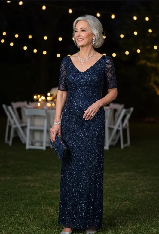 Navy Blue Sheath Sequins Lace Mother Of The Bride/ Groom Dresses Formal Evening Dress
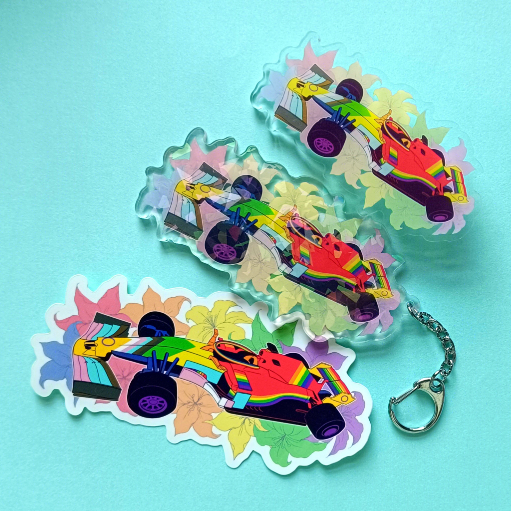 I got the rainbow f1 keyring and the pan f1 sticker and I couldn’t be happier. The keyring is so well made, it feels like it will last a lifetime and the actual attachment is hinged so it’s amazing for people with dexterity issues. Also, the holographic detail is flawless. It’s just so beautiful! The sticker is also really great quality, doesn’t tear as you lift it from the backing, and the attention to detail is insane for the price.
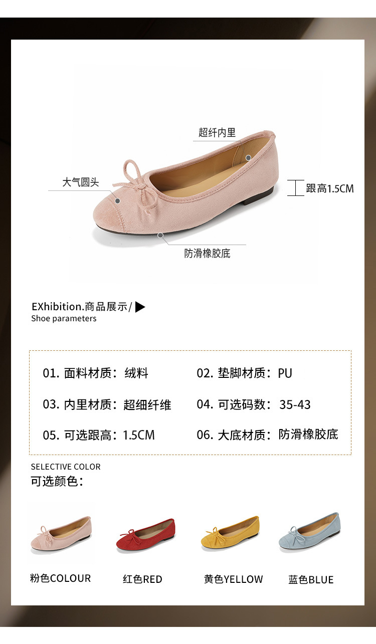 Weiwei 소녀 313-22 자이언트 소프트 프렌치 플랫 슈즈 여성용 활 발레 얕은 입 부드러운 완두콩 신발스토어 가기
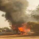 मुख्य मार्ग पर ट्रेलर हादसा: तीन वाहन टकराए, भीषण आग में 1 की मौत, 1 गंभीर
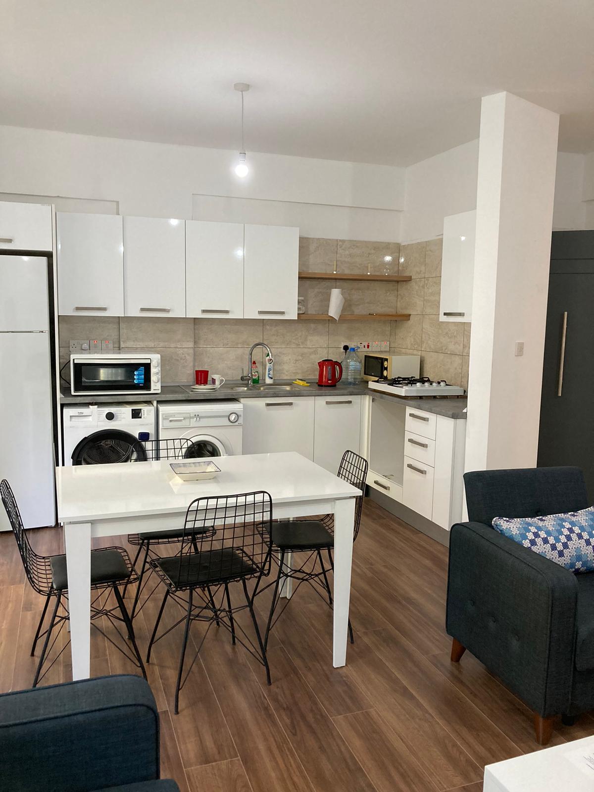 NORTH Cyprus in Kucuk Kaymakli, Lefkosia. Enjoy a stylish and luxurious experience in this exclusive, centrally located apartment. Located on the main street, on a quiet and clean street, this apartment offers the advantage of free parking. 15 minutes walking distance to Nicosia bus terminal.2+1 fully furnished new building. Only 100 metres from the supermarket. Close to all restaurants and eateries or take away services.living area, kitchen and all other rooms are air-conditioned. -comfortable.
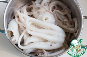 • 1. Осьминога промыть, отрезать голову, удалить внутренности и клюв. Промыть еще раз, постаравшись по максимуму смыть слизь. Если осьминог крупный, то его лучше отбить для мягкости. Сложить осьминога в полиэтиленовый пакет и отбить резиновым молотком или молотком для мяса. Ошпарить осьминога и убрать свернувшуюся пленку. Можно предварительно осьминога не ошпаривать и не очищать, особенно, если он свежий и не очень крупный. Тогда осьминог получается красного цвета. Осьминога нарезать средними кусочками (одного я оставила для украшения).

——

In the listing above, find the line containing "मुख्य मार्ग पर" and the line containing "NORTH Cyprus in", then write out both of them and every line between, exactly, with no pictures.

 मुख्य मार्ग पर ट्रेलर हादसा: तीन वाहन टकराए, भीषण आग में 1 की मौत, 1 गंभीर
 NORTH Cyprus in Kucuk Kaymakli, Lefkosia. Enjoy a stylish and luxurious experience in this exclusive, centrally located apartment. Located on the main street, on a quiet and clean street, this apartment offers the advantage of free parking. 15 minutes walking distance to Nicosia bus terminal.2+1 fully furnished new building. Only 100 metres from the supermarket. Close to all restaurants and eateries or take away services.living area, kitchen and all other rooms are air-conditioned. -comfortable.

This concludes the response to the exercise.